Motor neuron disease (MND) is a group of fatal neurodegenerative diseases with no effective treatment, which have the shared characteristic of the progressive loss of upper and/or lower motor neurons. Disease onset is insidious, with patients gradually losing control of their voluntary muscles, resulting in relatively late diagnosis. Due to the nature of the disease and the lack of effective treatment, MND patients usually die within 2 to 3 years following diagnosis, primarily because of the loss of respiratory function. The only drug approved in Australia, Riluzole, only prolongs the median life expectancy by 2 to 3 months.

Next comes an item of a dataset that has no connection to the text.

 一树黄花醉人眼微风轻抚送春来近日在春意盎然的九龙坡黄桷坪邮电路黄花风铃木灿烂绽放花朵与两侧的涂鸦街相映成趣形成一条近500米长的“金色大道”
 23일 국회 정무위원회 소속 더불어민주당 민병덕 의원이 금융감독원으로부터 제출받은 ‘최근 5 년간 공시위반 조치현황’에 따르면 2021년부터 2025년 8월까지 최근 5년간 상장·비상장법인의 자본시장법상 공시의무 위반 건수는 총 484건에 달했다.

New and effective treatments are therefore urgently needed.

  • receptors
  • Eph
  • EphA4
  • motor neurons
  • motor neuron death
  • neurodegenerative disease
  • motor neuron disease
  • pathogenesis

1. Introduction

It is widely accepted that MND is a complex disease, with both genetic and environmental factors co-contributing to its pathogenesis [1][2][3]. Although the details of its pathogenesis are unclear, motor neuron cell death is regarded as the hallmark. Preventing this death is the primary therapeutic aim [4][5][6]. Here we discuss the importance of EphA4 signalling in motor neuron cell death, the mechanisms of signalling and the potential for ameliorating MND by blocking its signalling.

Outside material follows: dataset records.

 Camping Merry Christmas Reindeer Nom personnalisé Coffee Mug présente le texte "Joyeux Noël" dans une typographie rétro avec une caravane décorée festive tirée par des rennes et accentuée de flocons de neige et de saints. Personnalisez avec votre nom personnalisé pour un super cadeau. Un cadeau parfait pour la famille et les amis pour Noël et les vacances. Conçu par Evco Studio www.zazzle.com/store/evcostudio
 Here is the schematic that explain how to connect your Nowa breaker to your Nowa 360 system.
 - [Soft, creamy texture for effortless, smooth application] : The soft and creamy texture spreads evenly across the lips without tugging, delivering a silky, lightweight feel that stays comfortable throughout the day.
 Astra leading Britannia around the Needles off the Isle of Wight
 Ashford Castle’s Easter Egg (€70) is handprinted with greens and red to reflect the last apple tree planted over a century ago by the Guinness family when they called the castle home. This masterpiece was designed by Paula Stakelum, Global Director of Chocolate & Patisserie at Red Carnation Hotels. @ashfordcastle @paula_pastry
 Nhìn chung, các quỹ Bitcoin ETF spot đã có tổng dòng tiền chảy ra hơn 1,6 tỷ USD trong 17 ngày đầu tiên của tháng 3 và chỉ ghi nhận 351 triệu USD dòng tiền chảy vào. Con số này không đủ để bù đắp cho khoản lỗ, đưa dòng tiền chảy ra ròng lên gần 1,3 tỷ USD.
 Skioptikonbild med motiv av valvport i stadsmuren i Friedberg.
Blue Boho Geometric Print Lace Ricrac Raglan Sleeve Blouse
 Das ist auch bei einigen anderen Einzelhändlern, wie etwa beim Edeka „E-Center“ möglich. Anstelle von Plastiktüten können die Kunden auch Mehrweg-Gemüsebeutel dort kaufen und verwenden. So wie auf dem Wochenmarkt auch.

EphA4 belongs to the A subgroup of Eph receptors and is well known as a pan-receptor that can widely bind, albeit with varying affinities, to all ephrin ligands, including five glycosyl phosphatidylinositol (GPI)-linked cell membrane-bound type A ephrins and three transmembrane type-B ephrins [7][8][9]. This striking feature indicates that EphA4 interaction with both A- and B-type ephrins regulates both normal and pathophysiological functions [10]. This suggests that blocking EphA4 signalling could be more efficacious than blocking other Ephs or ephrins. Well established as a guidance molecule involved in the development of the corticospinal tract [11][12], EphA4 has also been shown to inhibit axon regeneration following spinal cord injury (SCI) [13][14][15]. The fact that EphA4 represses the axonal regrowth of motor neurons after SCI suggested that it may also contribute to the differential vulnerability of motor neurons in MND through a similar mechanism [16][17]. In support of this view, emerging research has identified that EphA4 is indeed associated with MND pathogenesis [16][17][18][19][20].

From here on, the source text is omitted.